On Thu, Apr 26, 2018 at 07:35:47PM -0500, Eric W. Biederman wrote:
> Christian Brauner <christian.brau...@canonical.com> writes:
> 
> > On Thu, Apr 26, 2018 at 12:10:30PM -0500, Eric W. Biederman wrote:
> >> Christian Brauner <christian.brau...@canonical.com> writes:
> >> 
> >> > On Thu, Apr 26, 2018 at 11:47:19AM -0500, Eric W. Biederman wrote:
> >> >> Christian Brauner <christian.brau...@canonical.com> writes:
> >> >> 
> >> >> > On Tue, Apr 24, 2018 at 06:00:35PM -0500, Eric W. Biederman wrote:
> >> >> >> Christian Brauner <christian.brau...@canonical.com> writes:
> >> >> >> 
> >> >> >> > On Wed, Apr 25, 2018, 00:41 Eric W. Biederman 
> >> >> >> > <ebied...@xmission.com> wrote:
> >> >> >> >
> >> >> >> >  Bah. This code is obviously correct and probably wrong.
> >> >> >> >
> >> >> >> >  How do we deliver uevents for network devices that are outside of 
> >> >> >> > the
> >> >> >> >  initial user namespace? The kernel still needs to deliver those.
> >> >> >> >
> >> >> >> >  The logic to figure out which network namespace a device needs to 
> >> >> >> > be
> >> >> >> >  delivered to is is present in kobj_bcast_filter. That logic will 
> >> >> >> > almost
> >> >> >> >  certainly need to be turned inside out. Sign not as easy as I 
> >> >> >> > would
> >> >> >> >  have hoped.
> >> >> >> >
> >> >> >> > My first patch that we discussed put additional filtering logic 
> >> >> >> > into kobj_bcast_filter for that very reason.
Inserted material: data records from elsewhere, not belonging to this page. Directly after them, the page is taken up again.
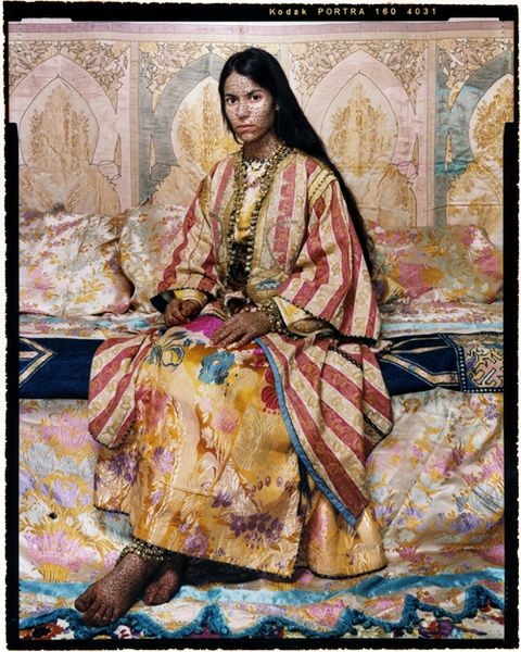 Lalla Essaydi made Bullet #6, using photography, and the effect is something between painting and collage. The gold here isn't just a color, it's a substance, an atmosphere. Look at the way she's layered patterns upon patterns, like she's building a space out of pure ornament. The figures almost blend into the background, becoming part of this dense, decorative surface. Notice the details: the way the light catches on the metallic surfaces, creating a shimmering effect, and the way the patterns seem to shift and move as you look at them. The figures in the image seem to be ornamented with calligraphy. The more you look, the more the surface seems to dissolve and reform. I think about how the work of someone like Gustav Klimt may have been an influence, where the surface of the painting is just as important as the subject. It's not just about what we're seeing, but how we're seeing it. Essaydi invites us to question our assumptions about beauty, identity, and the very act of looking.
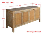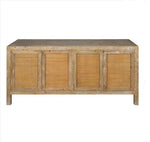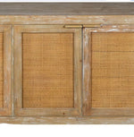 Crafted from fir wood and rattan, this console blends organic textures with timeless charm. The natural wood frame showcases a distressed finish for a rustic touch, while the woven rattan-paneled doors add warmth and dimension. Behind its four doors, spacious storage keeps essentials neatly tucked away, making it a stylish yet functional addition to any entryway, dining space, or living area. With its airy, coastal-inspired appeal, this console brings an effortless sophistication to your home.
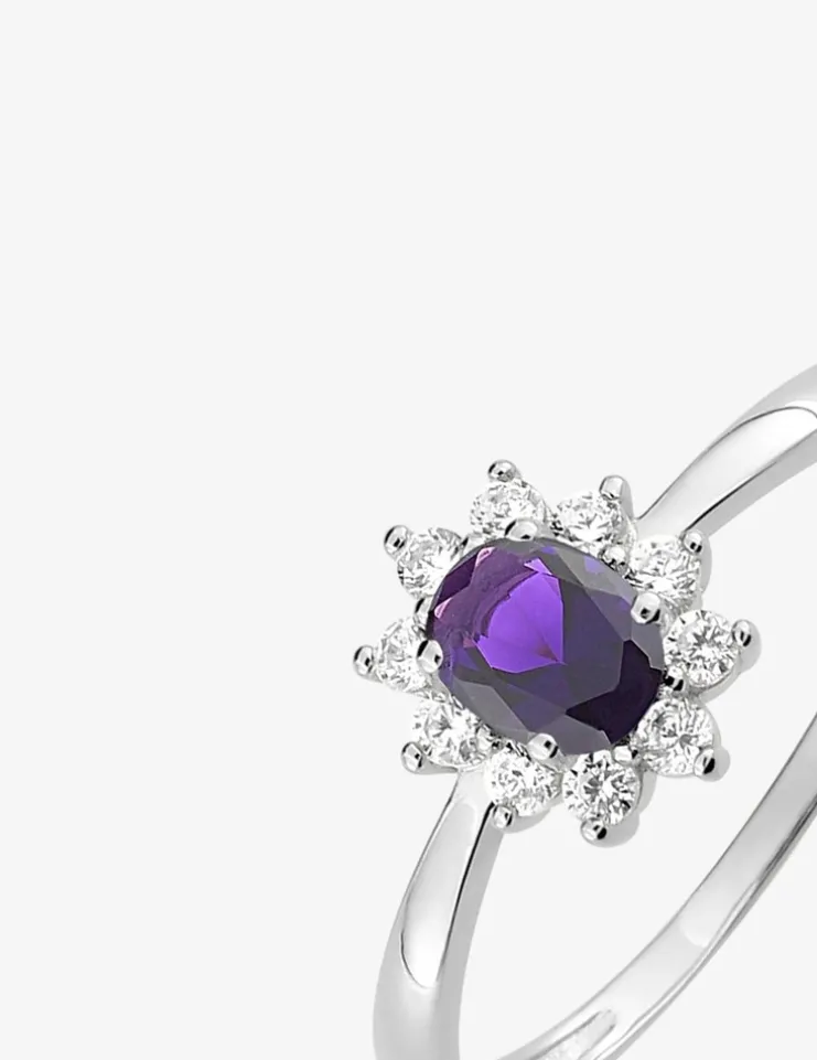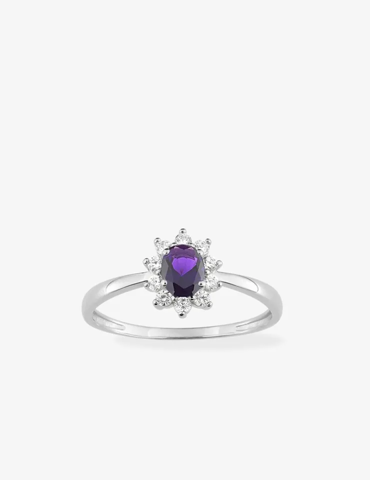 Solitaire accompagné fleur argent 925‰ rhodié et oxyde de zirconium violet SO OR

But I can move that 
> >> >> >> > logic
> >> >> >> > out and come up with a new patch.
> >> >> >> 
> >> >> >> I may have mis-understood.
> >> >> >> 
> >> >> >> I heard and am still hearing additional filtering to reduce the 
> >> >> >> places
> >> >> >> the packet is delievered.
> >> >> >> 
> >> >> >> I am saying something needs to change to increase the number of 
> >> >> >> places
> >> >> >> the packet is delivered.
> >> >> >> 
> >> >> >> For the special class of devices that kobj_bcast_filter would apply 
> >> >> >> to
> >> >> >> those need to be delivered to netowrk namespaces  that are no longer 
> >> >> >> on
> >> >> >> uevent_sock_list.
> >> >> >> 
> >> >> >> So the code fundamentally needs to split into two paths.  Ordinary
> >> >> >> devices that use uevent_sock_list.  Network devices that are just
> >> >> >> delivered in their own network namespace.
> >> >> >> 
> >> >> >> netlink_broadcast_filtered gets to go away completely.
> >> >> >
> >> >> > The split *might* make sense but I think you're wrong about removing 
> >> >> > the
> >> >> > kobj_bcast_filter. The current filter doesn't operate on the uevent
> >> >> > socket in uevent_sock_list itself it rather operates on the sockets in
> >> >> > mc_list. And if socket in mc_list can have a different network 
> >> >> > namespace
> >> >> > then the uevent_socket itself then your way won't work. That's why my
> >> >> > original patch added additional filtering in there. The way I see it 
> >> >> > we
> >> >> > need something like:
> >> >> 
> >> >> We already filter the sockets in the mc_list by network namespace.
> >> >
> >> > Oh really? That's good to know. I haven't found where in the code this
> >> > actually happens. I thought that when netlink_bind() is called anyone
> >> > could register themselves in mc_list.
> >> 
> >> The code in af_netlink.c does:
> >> > static void do_one_broadcast(struct sock *sk,
> >> >                              struct netlink_broadcast_data *p)
> >> > {
> >> >  struct netlink_sock *nlk = nlk_sk(sk);
> >> >  int val;
> >> > 
> >> >  if (p->exclude_sk == sk)
> >> >          return;
> >> > 
> >> >  if (nlk->portid == p->portid || p->group - 1 >= nlk->ngroups ||
> >> >      !test_bit(p->group - 1, nlk->groups))
> >> >          return;
> >> > 
> >> >  if (!net_eq(sock_net(sk), p->net)) {
> >>             ^^^^^^^^^^^^ Here
> >> >          if (!(nlk->flags & NETLINK_F_LISTEN_ALL_NSID))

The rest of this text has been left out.